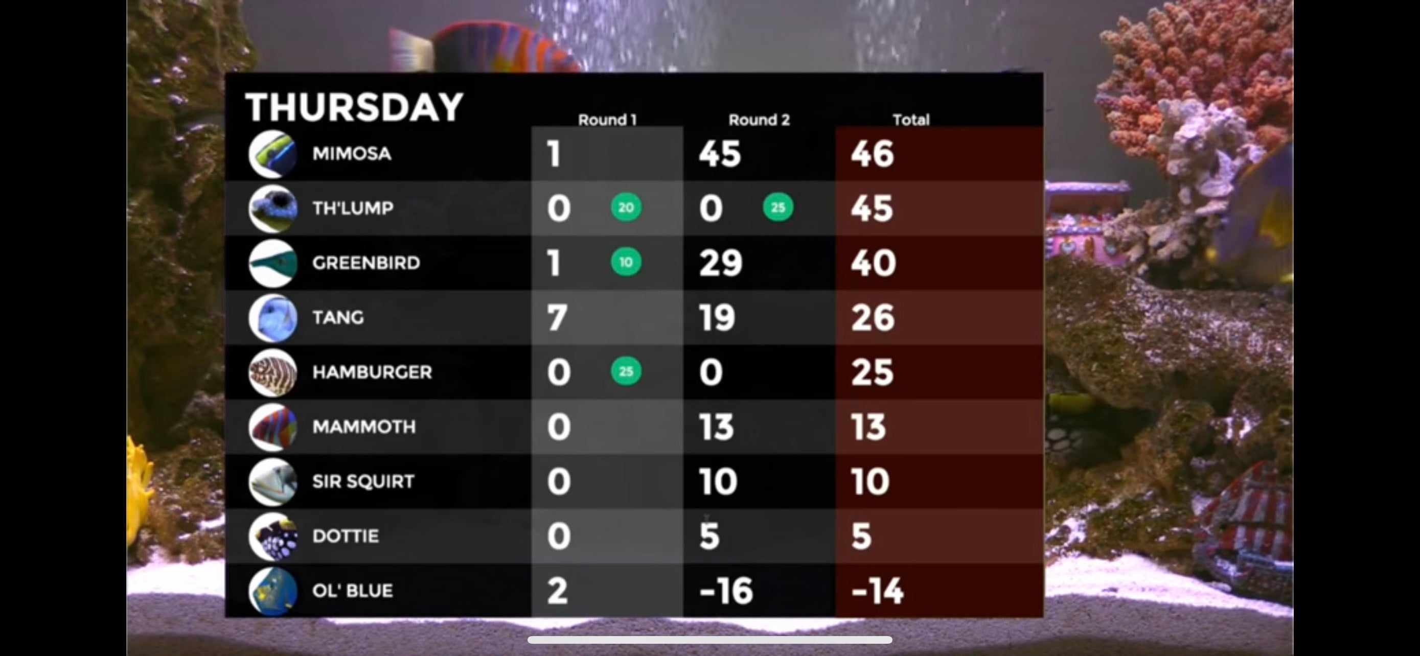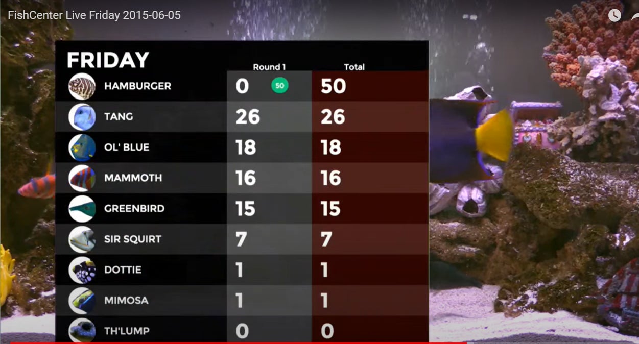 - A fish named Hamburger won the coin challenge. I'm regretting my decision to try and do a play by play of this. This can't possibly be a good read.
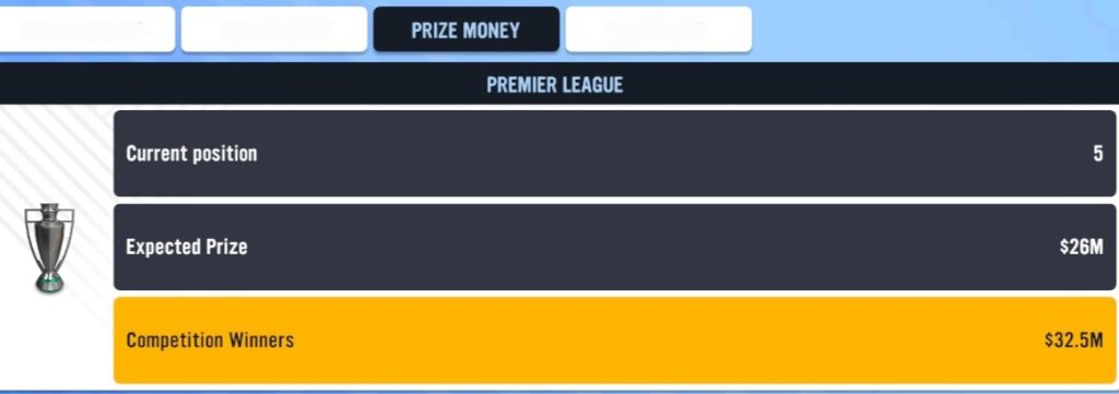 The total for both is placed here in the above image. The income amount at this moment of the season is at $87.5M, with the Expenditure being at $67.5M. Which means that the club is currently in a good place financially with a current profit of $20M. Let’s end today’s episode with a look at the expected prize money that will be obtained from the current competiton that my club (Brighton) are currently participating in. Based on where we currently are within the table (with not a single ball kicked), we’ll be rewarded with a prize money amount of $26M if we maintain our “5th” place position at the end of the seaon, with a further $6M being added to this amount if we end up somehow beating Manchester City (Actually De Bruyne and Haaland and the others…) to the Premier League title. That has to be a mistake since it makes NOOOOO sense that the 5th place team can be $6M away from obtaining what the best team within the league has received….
---
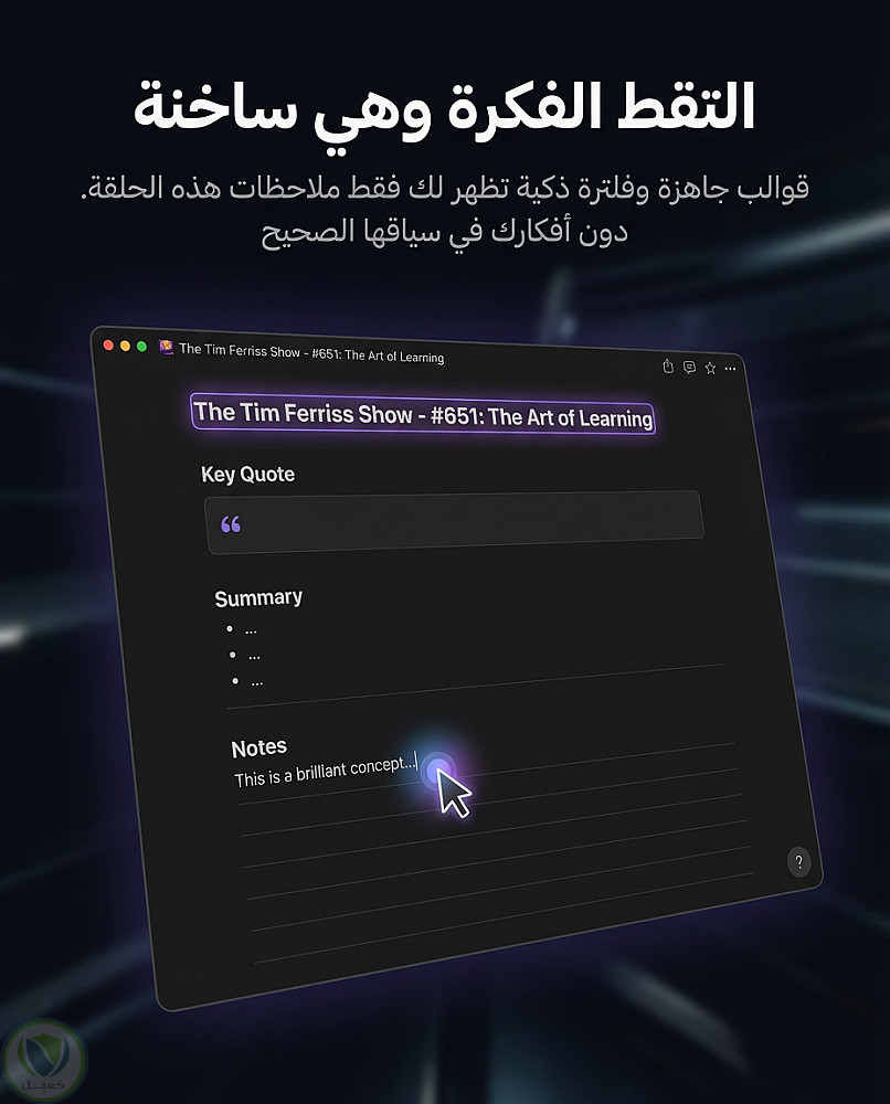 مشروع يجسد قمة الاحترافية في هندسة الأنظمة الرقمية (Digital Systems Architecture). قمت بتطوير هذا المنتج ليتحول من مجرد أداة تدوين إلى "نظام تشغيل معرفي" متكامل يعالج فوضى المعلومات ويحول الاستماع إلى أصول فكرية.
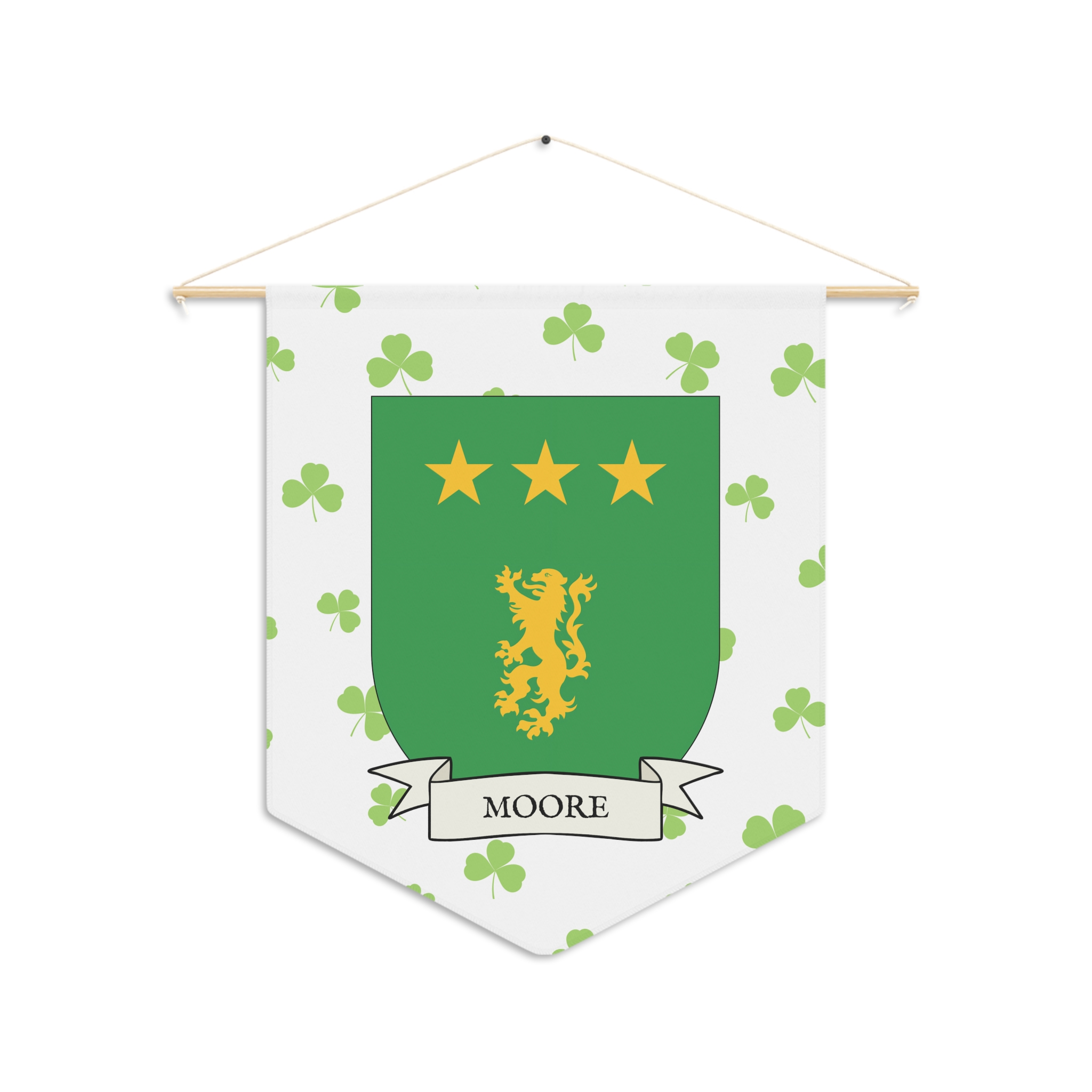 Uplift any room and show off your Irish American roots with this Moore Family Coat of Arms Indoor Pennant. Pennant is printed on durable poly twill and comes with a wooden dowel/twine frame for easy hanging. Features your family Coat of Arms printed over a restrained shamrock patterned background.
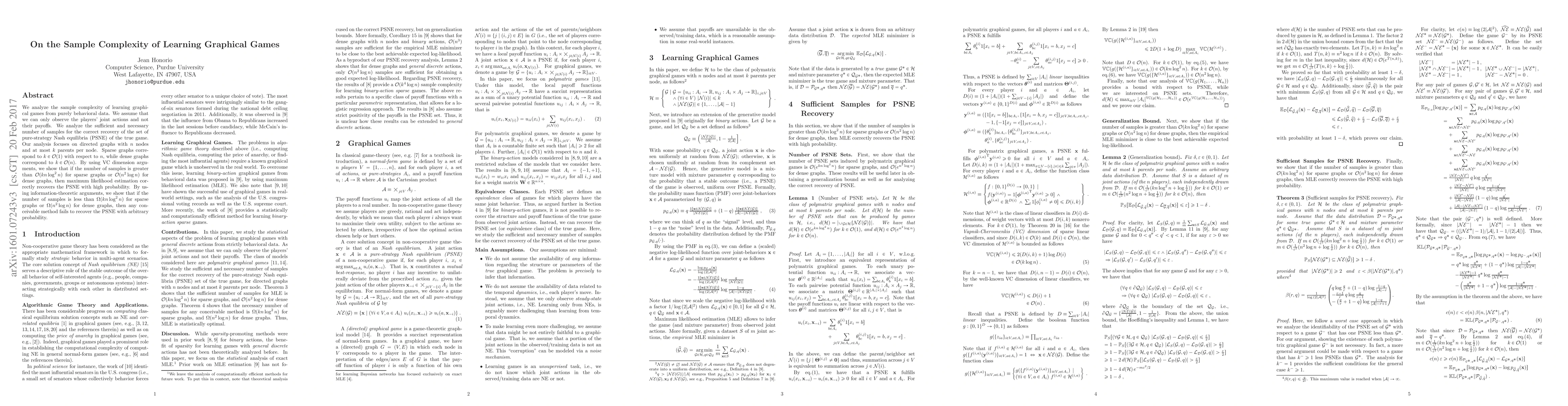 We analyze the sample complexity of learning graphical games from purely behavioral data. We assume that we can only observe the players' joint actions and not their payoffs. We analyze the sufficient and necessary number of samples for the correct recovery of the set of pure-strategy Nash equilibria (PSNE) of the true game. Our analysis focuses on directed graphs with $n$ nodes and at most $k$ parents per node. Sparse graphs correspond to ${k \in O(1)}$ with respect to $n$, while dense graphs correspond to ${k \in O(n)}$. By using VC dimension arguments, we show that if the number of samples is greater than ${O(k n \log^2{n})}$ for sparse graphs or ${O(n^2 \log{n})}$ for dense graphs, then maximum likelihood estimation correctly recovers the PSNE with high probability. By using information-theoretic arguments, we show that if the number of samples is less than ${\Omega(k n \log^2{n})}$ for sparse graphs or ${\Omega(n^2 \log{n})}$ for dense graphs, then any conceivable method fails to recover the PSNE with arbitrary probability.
--
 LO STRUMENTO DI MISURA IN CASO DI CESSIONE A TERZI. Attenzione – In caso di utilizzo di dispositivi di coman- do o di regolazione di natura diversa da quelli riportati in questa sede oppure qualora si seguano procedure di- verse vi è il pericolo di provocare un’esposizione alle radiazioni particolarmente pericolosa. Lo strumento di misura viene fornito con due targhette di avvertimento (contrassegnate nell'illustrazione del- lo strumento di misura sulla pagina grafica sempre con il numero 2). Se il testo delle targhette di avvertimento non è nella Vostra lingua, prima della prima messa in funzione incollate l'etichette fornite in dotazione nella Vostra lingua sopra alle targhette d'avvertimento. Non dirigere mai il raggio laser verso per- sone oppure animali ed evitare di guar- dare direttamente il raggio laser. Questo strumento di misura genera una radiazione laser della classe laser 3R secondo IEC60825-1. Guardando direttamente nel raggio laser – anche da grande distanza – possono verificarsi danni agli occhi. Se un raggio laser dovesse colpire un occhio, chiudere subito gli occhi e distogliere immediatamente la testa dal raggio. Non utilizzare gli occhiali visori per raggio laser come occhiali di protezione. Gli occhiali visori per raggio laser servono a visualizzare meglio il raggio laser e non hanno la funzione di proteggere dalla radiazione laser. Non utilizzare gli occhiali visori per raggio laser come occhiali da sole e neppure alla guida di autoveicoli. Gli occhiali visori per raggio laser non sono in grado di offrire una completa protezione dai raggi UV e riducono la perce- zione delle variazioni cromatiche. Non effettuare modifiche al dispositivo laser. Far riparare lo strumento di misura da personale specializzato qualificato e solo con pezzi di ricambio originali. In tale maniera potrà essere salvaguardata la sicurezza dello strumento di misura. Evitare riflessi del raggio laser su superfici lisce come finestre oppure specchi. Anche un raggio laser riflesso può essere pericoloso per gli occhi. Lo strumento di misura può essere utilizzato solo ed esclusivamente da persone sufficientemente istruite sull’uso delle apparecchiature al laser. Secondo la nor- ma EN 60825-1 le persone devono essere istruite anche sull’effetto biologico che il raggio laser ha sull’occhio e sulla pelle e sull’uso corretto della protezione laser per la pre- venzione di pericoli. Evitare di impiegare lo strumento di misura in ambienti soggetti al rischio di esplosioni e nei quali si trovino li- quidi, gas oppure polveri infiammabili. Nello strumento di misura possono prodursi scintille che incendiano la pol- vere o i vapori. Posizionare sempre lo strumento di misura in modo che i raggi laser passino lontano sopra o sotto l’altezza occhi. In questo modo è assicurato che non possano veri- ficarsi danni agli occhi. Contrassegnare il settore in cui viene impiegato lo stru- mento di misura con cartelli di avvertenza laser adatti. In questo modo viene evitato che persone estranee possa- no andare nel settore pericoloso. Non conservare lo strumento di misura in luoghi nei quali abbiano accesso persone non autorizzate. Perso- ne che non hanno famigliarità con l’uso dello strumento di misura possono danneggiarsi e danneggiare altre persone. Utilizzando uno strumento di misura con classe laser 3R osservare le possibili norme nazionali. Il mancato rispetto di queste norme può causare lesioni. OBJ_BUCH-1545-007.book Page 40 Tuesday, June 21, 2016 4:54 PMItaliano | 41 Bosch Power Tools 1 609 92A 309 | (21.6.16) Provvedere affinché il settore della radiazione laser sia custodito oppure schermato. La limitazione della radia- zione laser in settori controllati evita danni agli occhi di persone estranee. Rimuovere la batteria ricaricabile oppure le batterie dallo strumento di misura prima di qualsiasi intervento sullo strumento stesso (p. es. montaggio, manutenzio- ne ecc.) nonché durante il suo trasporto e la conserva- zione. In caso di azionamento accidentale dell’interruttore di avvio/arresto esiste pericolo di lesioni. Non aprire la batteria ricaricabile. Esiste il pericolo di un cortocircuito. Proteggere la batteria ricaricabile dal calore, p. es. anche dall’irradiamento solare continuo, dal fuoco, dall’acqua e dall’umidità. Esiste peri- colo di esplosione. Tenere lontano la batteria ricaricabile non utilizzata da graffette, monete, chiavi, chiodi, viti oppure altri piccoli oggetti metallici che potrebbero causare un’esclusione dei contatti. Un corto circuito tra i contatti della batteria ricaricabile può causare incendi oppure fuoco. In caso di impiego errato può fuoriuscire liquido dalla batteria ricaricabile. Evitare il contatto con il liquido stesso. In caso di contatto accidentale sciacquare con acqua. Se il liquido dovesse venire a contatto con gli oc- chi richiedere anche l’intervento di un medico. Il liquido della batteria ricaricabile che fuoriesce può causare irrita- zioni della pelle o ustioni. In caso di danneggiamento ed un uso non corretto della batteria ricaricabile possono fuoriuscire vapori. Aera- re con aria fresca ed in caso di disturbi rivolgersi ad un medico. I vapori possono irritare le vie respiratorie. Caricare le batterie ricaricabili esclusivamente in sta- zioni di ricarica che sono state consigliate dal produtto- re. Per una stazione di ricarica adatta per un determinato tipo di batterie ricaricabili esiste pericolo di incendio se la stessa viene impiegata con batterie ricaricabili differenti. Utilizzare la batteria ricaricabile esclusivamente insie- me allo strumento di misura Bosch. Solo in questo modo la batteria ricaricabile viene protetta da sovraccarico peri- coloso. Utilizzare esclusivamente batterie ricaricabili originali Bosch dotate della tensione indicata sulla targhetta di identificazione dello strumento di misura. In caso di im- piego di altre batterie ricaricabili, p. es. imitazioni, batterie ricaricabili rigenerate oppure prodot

- TASK TO COMPLETE -
From the records above, transcribe exactly the lines starting at the one containing "مشروع يجسد قمة" and ending at the one containing "We analyze the sample". Skip the pictures.

- OUTPUT OF THE TASK -
 مشروع يجسد قمة الاحترافية في هندسة الأنظمة الرقمية (Digital Systems Architecture). قمت بتطوير هذا المنتج ليتحول من مجرد أداة تدوين إلى "نظام تشغيل معرفي" متكامل يعالج فوضى المعلومات ويحول الاستماع إلى أصول فكرية.
 Uplift any room and show off your Irish American roots with this Moore Family Coat of Arms Indoor Pennant. Pennant is printed on durable poly twill and comes with a wooden dowel/twine frame for easy hanging. Features your family Coat of Arms printed over a restrained shamrock patterned background.
 We analyze the sample complexity of learning graphical games from purely behavioral data. We assume that we can only observe the players' joint actions and not their payoffs. We analyze the sufficient and necessary number of samples for the correct recovery of the set of pure-strategy Nash equilibria (PSNE) of the true game. Our analysis focuses on directed graphs with $n$ nodes and at most $k$ parents per node. Sparse graphs correspond to ${k \in O(1)}$ with respect to $n$, while dense graphs correspond to ${k \in O(n)}$. By using VC dimension arguments, we show that if the number of samples is greater than ${O(k n \log^2{n})}$ for sparse graphs or ${O(n^2 \log{n})}$ for dense graphs, then maximum likelihood estimation correctly recovers the PSNE with high probability. By using information-theoretic arguments, we show that if the number of samples is less than ${\Omega(k n \log^2{n})}$ for sparse graphs or ${\Omega(n^2 \log{n})}$ for dense graphs, then any conceivable method fails to recover the PSNE with arbitrary probability.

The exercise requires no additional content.